Top of the pile – based on growth prospects, education levels, market size and eligibility for EU funding – was Lithuania, although Malta came bottom of the index.
Prague in the Czech Republic was calculated to be the area’s foremost ‘sunrise region’, with a score approaching double the EU average for investment potential.
“We are at a time of economic adjustment in the EU,” argues Jonathan Said, an economist at CEBR. “Regions in the East that have just entered offer a highly-skilled pool of labour at very competitive rates.”
Look before you leap
For owner-managers, the statistics translate to a mine of infrastructure and development contracts. Budding economies need new buildings, transport systems and telecommunications, which in turn breeds demand for e-commerce and leisure services.
Already, there are signs this transformation is taking place. At the end of 2003, just 1.9% of the new EU had access to broadband internet compared with 12% of the EU 15. But at the current rate of broadband roll-out, the former figure will catch up with the latter by 2008, according to US research consultancy the Yankee Group.
It cites, “a more affluent, urban, techno-literate middle class; strong competition in some countries between telcos and cable TV companies; and strong political support for internet usage”. It concludes: “We expect to see strong overall growth in the new countries during the next five years.”
Movement between the countries is another sign of economies hotting up. Immediately before expansion, air traffic organisation Eurocontrol said that the burgeoning wealth of the accession states would cause a spurt in low-cost air traffic.

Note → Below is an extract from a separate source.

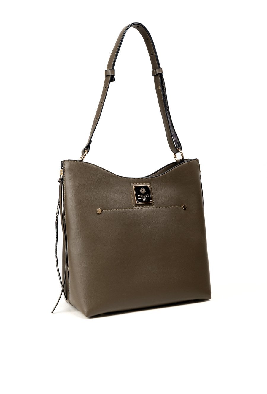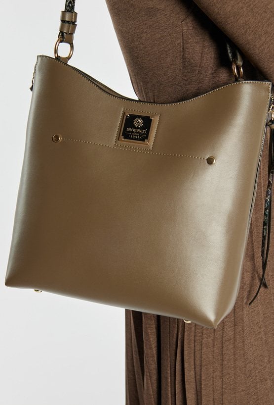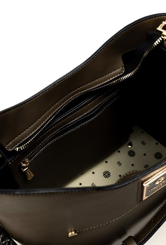 Torba damska z kolekcji Premium o wymiarach 33,5 cm x 27 cm x 9 cm. Model jednokomorowy, z jasną, logowaną podszewką oraz dodatkowymi kieszonkami na drobiazgi. Zawieszona na regulowanym pasku, zapewnia wygodę noszenia. Stylowym akcentem są dwa boczne suwaki ozdobione wzorzystymi frędzlami. Torbę należy przechowywać w załączonym woreczku ochronnym.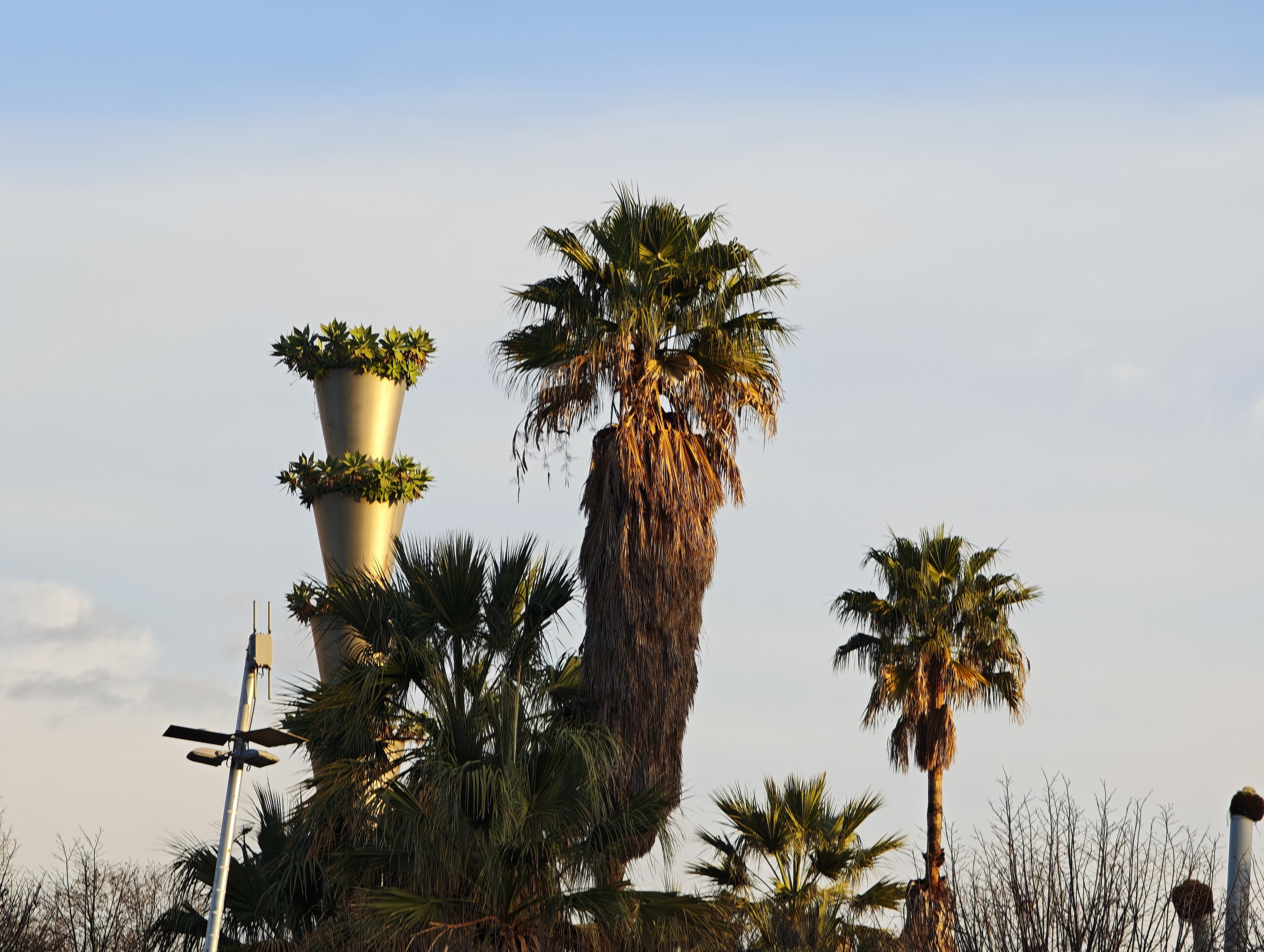 Come molte grandi strade di Barcellona, Avenida Diagonal offre un'ampia passeggiata per pedoni e ciclisti al centro, fiancheggiata da platani. Ancora una volta, lo smartphone Xiaomi offre l'immagine più nitida nei dettagli, con entrambi gli smartphone che offrono una buona visione del braccio della gru sulla destra con i suoi sottili puntelli di sostegno.

The group said: “The largest growth in the air transport market will be in Eastern European and Mediterranean states, with an average of 4.5% growth a year in the EU accession countries.”
Throw into the mix a skilled low-cost workforce, boundless enthusiasm for collaboration, falling business taxes and fewer regulatory hurdles, and you have the ingredients for prosperous partnerships.
Exactly where, by what means and in what industry you decide to invest will of course be defined by what you produce, construct or serve in the UK. However, it is important that you take time to research opportunities thoroughly.
Prospects offered by the new EU countries are by no means uniform and you should be aware of the local demand for what you want to do. It sounds obvious, but you should not take advantage of lower labour costs if the quality of work will suffer as a result – after all, you are still spending money.
Remember, for instance, that CEBR’s study shows that new EU members occupy both the top and bottom places in terms of investment readiness.
Within the 10 new states, the Czech Republic is seen as having particular promise because of its rich academic and cultural history, rapidly growing economy and its geographical location at the heart of Europe.
The country attracted $6bn of foreign direct investment last year and $9bn the year before, of which UK firms contributed only a small fraction. However, the government wants more involvement from foreign businesses and offers a range of tax-incentives to entice them.
“Two years ago there were 200 British companies with branches in the Czech Republic, at the end of 2004 there were 600,” says Ales Cernik, head of the commercial section at the Czech embassy.
“That compares with around 7,000 German companies, but once UK business people realise it’s the same as branching to Holland or France, we expect it to pick up even more quickly.”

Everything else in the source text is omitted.